◆ WHAT YOU NEED TO DO
What follows is a set of records; restate each one word for word and drop the pictures.

◆ Dataset entries
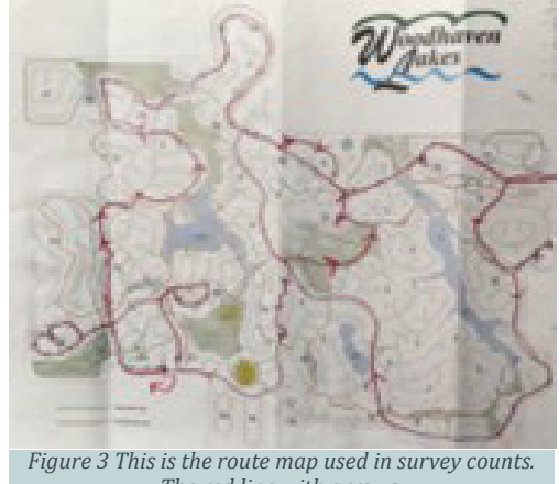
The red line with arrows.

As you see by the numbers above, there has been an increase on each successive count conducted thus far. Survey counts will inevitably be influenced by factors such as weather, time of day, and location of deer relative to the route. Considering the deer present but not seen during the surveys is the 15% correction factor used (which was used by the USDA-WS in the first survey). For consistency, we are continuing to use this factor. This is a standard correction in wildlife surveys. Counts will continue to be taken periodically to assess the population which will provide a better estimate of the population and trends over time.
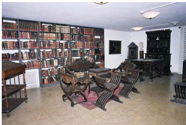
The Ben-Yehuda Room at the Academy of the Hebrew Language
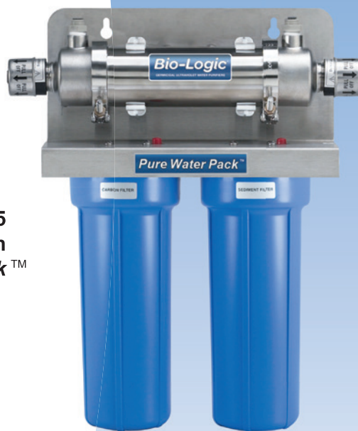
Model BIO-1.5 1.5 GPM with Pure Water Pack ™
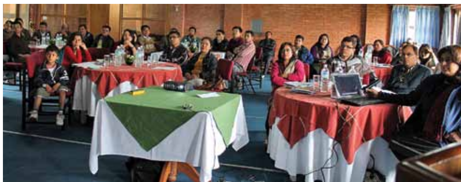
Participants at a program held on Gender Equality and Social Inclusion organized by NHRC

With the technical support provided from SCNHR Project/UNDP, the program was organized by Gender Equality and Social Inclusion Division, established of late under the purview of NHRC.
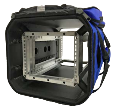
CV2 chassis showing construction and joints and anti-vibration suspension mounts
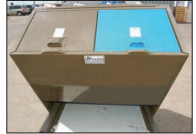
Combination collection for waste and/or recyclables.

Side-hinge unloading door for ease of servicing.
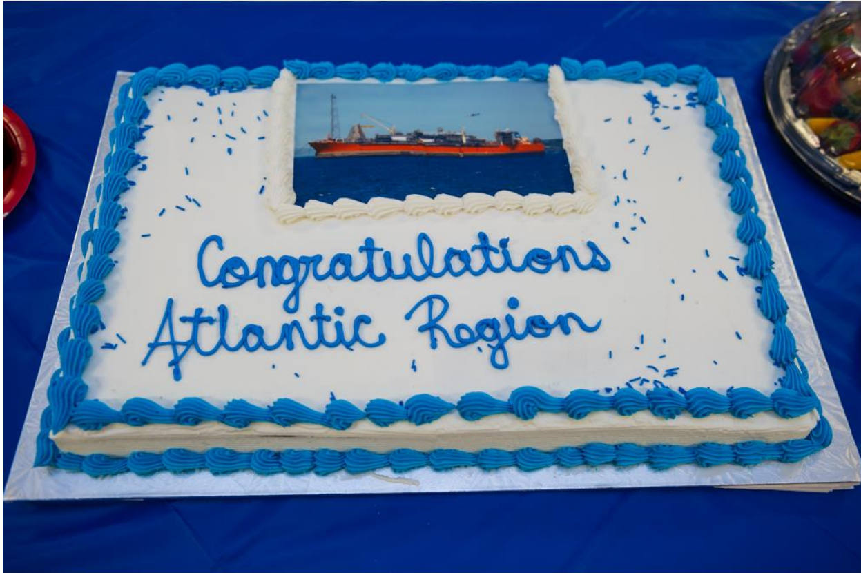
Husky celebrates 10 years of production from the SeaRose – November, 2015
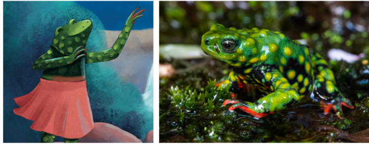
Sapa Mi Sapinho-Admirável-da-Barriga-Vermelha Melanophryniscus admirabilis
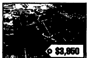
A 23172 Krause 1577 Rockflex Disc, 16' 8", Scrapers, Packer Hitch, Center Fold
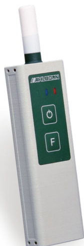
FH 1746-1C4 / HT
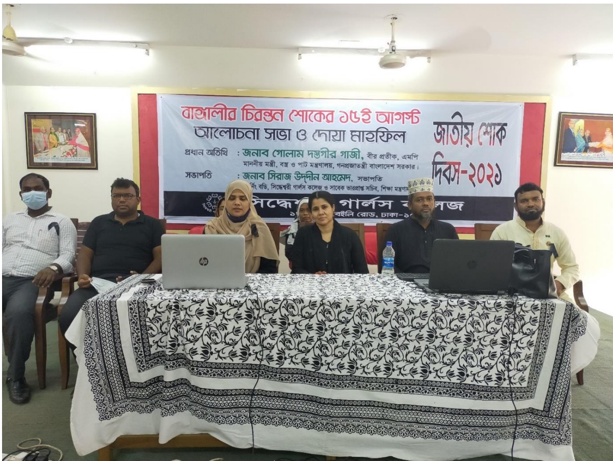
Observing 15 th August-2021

◆ RESULT
The red line with arrows.

As you see by the numbers above, there has been an increase on each successive count conducted thus far. Survey counts will inevitably be influenced by factors such as weather, time of day, and location of deer relative to the route. Considering the deer present but not seen during the surveys is the 15% correction factor used (which was used by the USDA-WS in the first survey). For consistency, we are continuing to use this factor. This is a standard correction in wildlife surveys. Counts will continue to be taken periodically to assess the population which will provide a better estimate of the population and trends over time.
The Ben-Yehuda Room at the Academy of the Hebrew Language
Model BIO-1.5 1.5 GPM with Pure Water Pack ™
Participants at a program held on Gender Equality and Social Inclusion organized by NHRC

With the technical support provided from SCNHR Project/UNDP, the program was organized by Gender Equality and Social Inclusion Division, established of late under the purview of NHRC.
CV2 chassis showing construction and joints and anti-vibration suspension mounts
Combination collection for waste and/or recyclables.

Side-hinge unloading door for ease of servicing.
Husky celebrates 10 years of production from the SeaRose – November, 2015
Sapa Mi Sapinho-Admirável-da-Barriga-Vermelha Melanophryniscus admirabilis
A 23172 Krause 1577 Rockflex Disc, 16' 8", Scrapers, Packer Hitch, Center Fold
FH 1746-1C4 / HT
Observing 15 th August-2021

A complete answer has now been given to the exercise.